_Your goal_
Before writing out the records, remove the pictures; keep everything else exact.

Segment Open

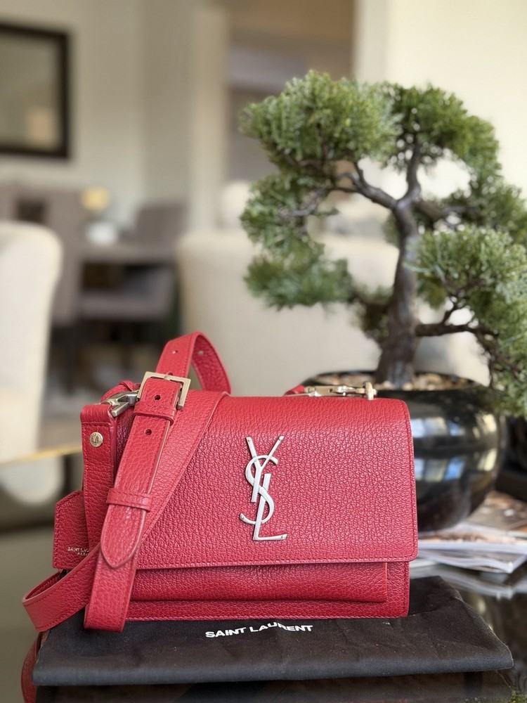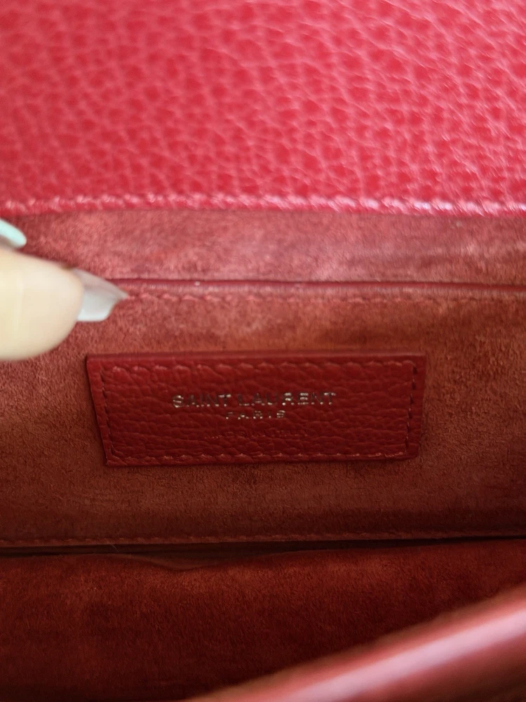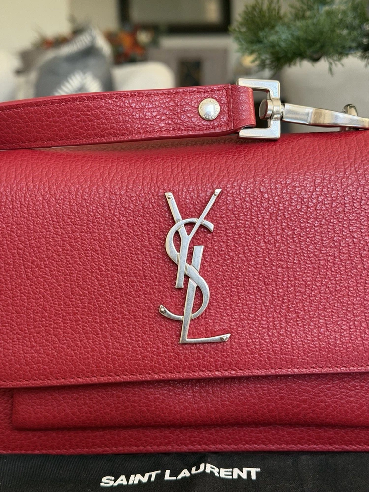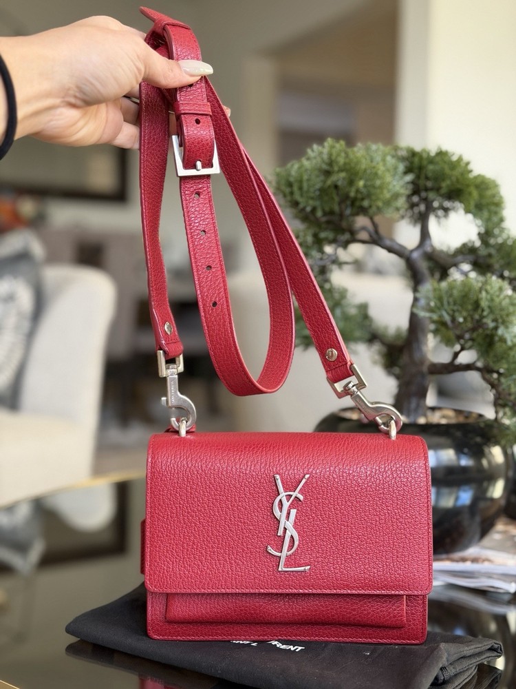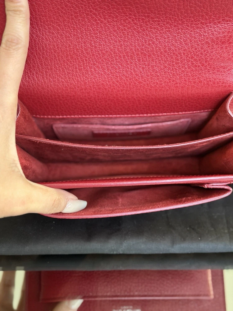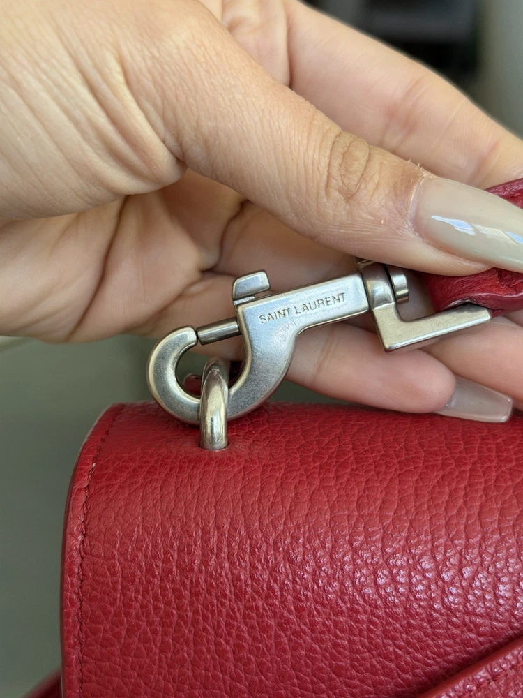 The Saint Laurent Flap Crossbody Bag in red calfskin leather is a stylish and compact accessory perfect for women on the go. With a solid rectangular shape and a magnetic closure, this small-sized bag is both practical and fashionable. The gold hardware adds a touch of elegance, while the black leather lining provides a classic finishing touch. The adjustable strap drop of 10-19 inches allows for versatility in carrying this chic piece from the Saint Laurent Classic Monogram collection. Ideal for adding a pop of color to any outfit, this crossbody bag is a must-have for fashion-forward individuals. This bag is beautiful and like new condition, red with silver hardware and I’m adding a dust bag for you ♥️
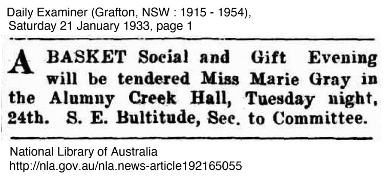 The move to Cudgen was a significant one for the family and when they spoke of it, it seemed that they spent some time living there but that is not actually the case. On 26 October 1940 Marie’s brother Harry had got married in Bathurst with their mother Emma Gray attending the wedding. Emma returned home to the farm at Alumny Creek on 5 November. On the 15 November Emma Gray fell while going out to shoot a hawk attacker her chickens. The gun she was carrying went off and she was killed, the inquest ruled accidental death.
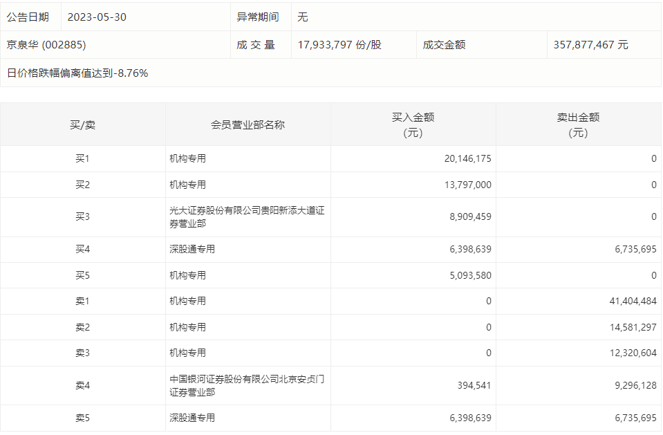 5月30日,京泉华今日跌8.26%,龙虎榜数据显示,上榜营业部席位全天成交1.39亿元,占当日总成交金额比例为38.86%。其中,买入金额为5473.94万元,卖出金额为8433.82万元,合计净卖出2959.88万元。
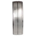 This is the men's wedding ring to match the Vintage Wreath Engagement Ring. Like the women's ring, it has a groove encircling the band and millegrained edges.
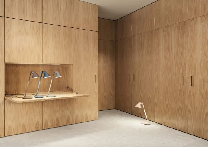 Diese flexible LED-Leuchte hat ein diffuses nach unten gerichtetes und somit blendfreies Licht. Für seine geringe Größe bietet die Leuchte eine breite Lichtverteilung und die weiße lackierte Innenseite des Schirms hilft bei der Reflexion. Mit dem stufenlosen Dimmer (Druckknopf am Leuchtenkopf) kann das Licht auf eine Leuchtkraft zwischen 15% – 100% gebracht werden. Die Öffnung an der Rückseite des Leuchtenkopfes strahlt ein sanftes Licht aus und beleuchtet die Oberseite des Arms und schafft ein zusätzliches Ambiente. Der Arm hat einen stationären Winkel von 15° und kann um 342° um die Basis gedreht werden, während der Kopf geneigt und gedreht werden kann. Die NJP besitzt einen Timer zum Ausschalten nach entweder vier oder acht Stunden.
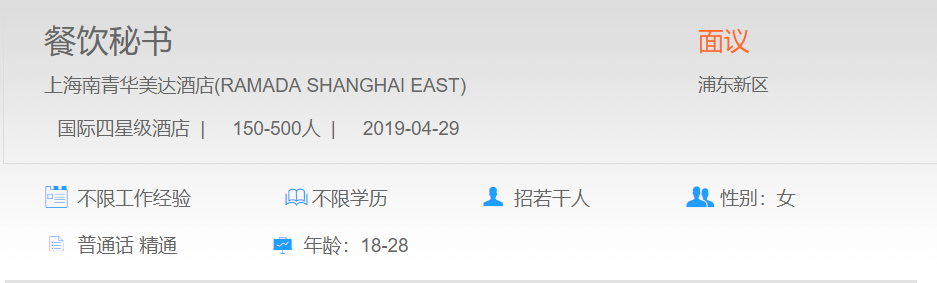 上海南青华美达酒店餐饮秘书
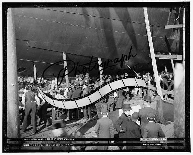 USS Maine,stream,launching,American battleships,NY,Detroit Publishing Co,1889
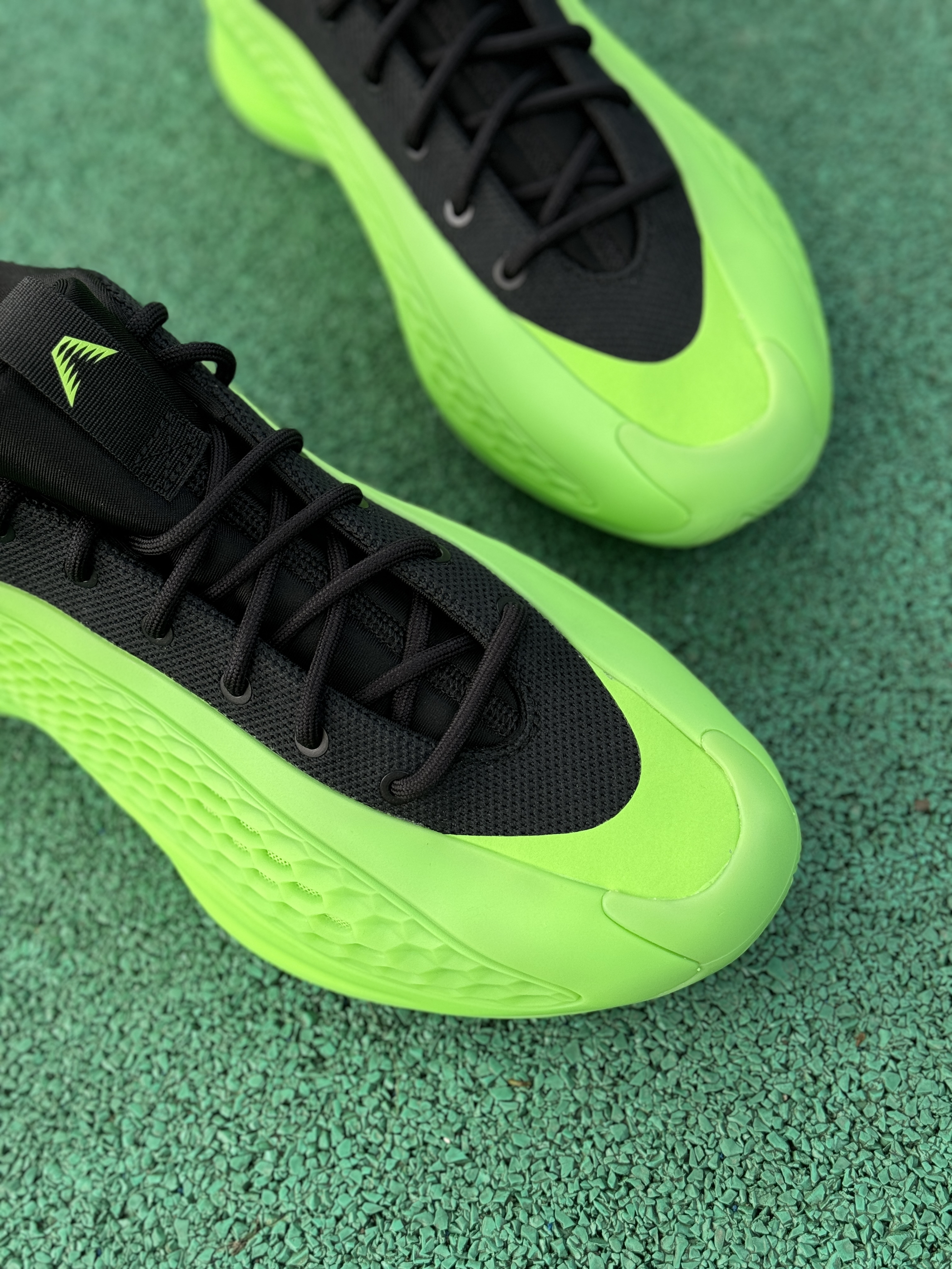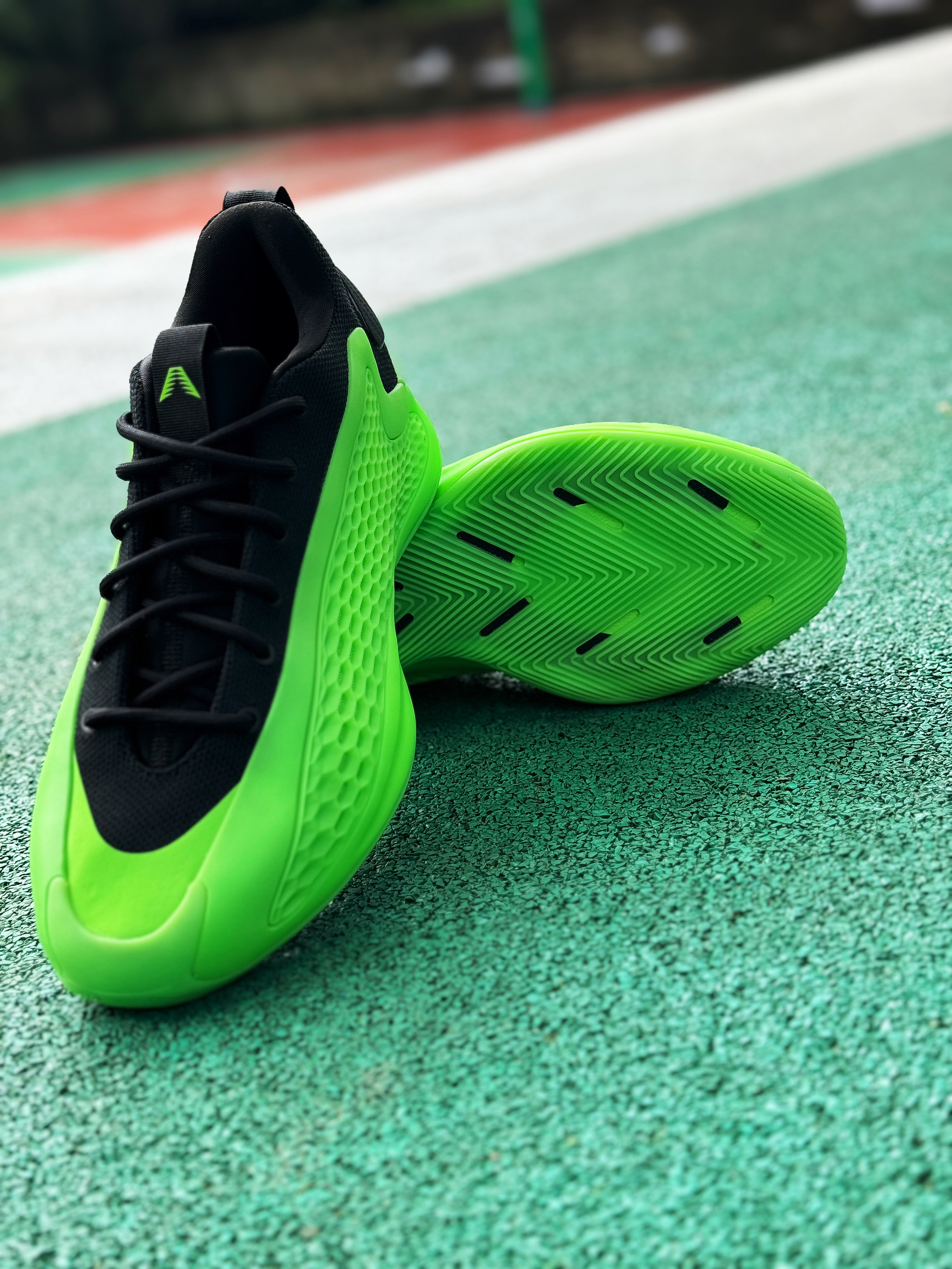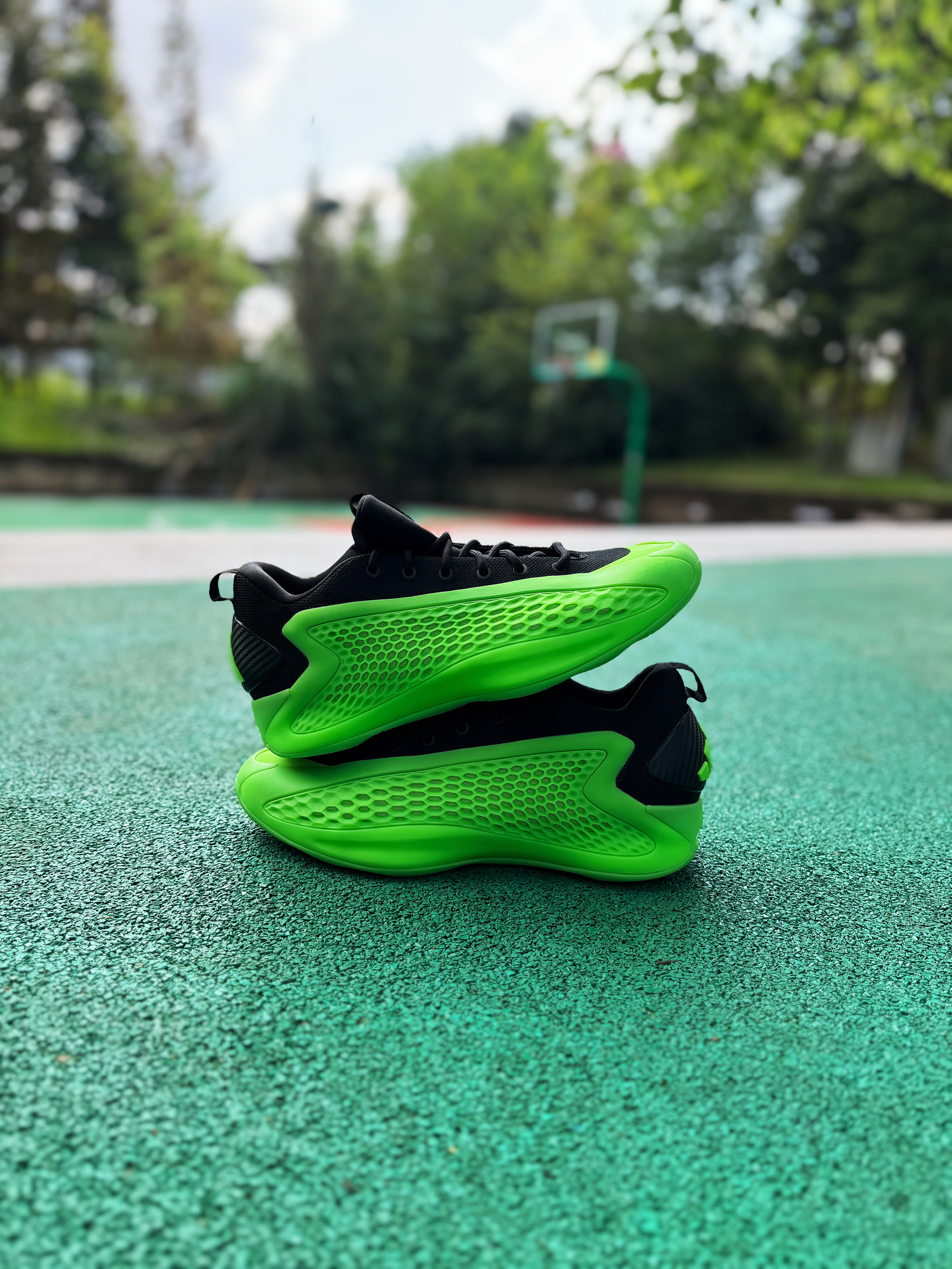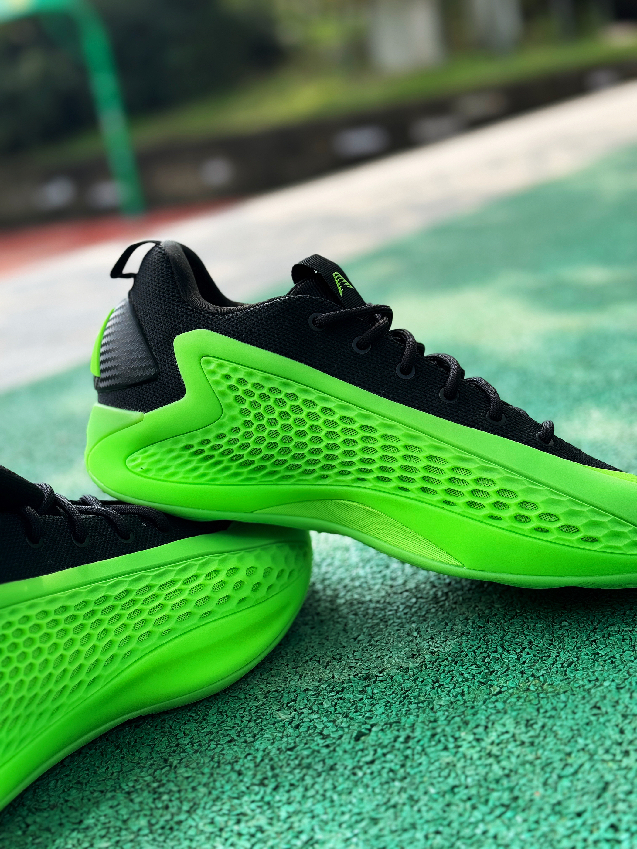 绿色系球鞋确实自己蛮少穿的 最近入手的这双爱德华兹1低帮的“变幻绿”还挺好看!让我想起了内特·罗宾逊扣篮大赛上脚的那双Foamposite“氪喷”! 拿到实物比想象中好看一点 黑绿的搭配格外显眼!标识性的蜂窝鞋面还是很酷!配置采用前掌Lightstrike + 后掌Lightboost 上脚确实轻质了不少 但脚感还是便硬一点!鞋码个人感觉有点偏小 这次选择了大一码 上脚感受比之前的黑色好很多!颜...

Segment Closed

_Answer to the problem_
 The Saint Laurent Flap Crossbody Bag in red calfskin leather is a stylish and compact accessory perfect for women on the go. With a solid rectangular shape and a magnetic closure, this small-sized bag is both practical and fashionable. The gold hardware adds a touch of elegance, while the black leather lining provides a classic finishing touch. The adjustable strap drop of 10-19 inches allows for versatility in carrying this chic piece from the Saint Laurent Classic Monogram collection. Ideal for adding a pop of color to any outfit, this crossbody bag is a must-have for fashion-forward individuals. This bag is beautiful and like new condition, red with silver hardware and I’m adding a dust bag for you ♥️
 The move to Cudgen was a significant one for the family and when they spoke of it, it seemed that they spent some time living there but that is not actually the case. On 26 October 1940 Marie’s brother Harry had got married in Bathurst with their mother Emma Gray attending the wedding. Emma returned home to the farm at Alumny Creek on 5 November. On the 15 November Emma Gray fell while going out to shoot a hawk attacker her chickens. The gun she was carrying went off and she was killed, the inquest ruled accidental death.
 5月30日,京泉华今日跌8.26%,龙虎榜数据显示,上榜营业部席位全天成交1.39亿元,占当日总成交金额比例为38.86%。其中,买入金额为5473.94万元,卖出金额为8433.82万元,合计净卖出2959.88万元。
 This is the men's wedding ring to match the Vintage Wreath Engagement Ring. Like the women's ring, it has a groove encircling the band and millegrained edges.
 Diese flexible LED-Leuchte hat ein diffuses nach unten gerichtetes und somit blendfreies Licht. Für seine geringe Größe bietet die Leuchte eine breite Lichtverteilung und die weiße lackierte Innenseite des Schirms hilft bei der Reflexion. Mit dem stufenlosen Dimmer (Druckknopf am Leuchtenkopf) kann das Licht auf eine Leuchtkraft zwischen 15% – 100% gebracht werden. Die Öffnung an der Rückseite des Leuchtenkopfes strahlt ein sanftes Licht aus und beleuchtet die Oberseite des Arms und schafft ein zusätzliches Ambiente. Der Arm hat einen stationären Winkel von 15° und kann um 342° um die Basis gedreht werden, während der Kopf geneigt und gedreht werden kann. Die NJP besitzt einen Timer zum Ausschalten nach entweder vier oder acht Stunden.
 上海南青华美达酒店餐饮秘书
 USS Maine,stream,launching,American battleships,NY,Detroit Publishing Co,1889
 绿色系球鞋确实自己蛮少穿的 最近入手的这双爱德华兹1低帮的“变幻绿”还挺好看!让我想起了内特·罗宾逊扣篮大赛上脚的那双Foamposite“氪喷”! 拿到实物比想象中好看一点 黑绿的搭配格外显眼!标识性的蜂窝鞋面还是很酷!配置采用前掌Lightstrike + 后掌Lightboost 上脚确实轻质了不少 但脚感还是便硬一点!鞋码个人感觉有点偏小 这次选择了大一码 上脚感受比之前的黑色好很多!颜...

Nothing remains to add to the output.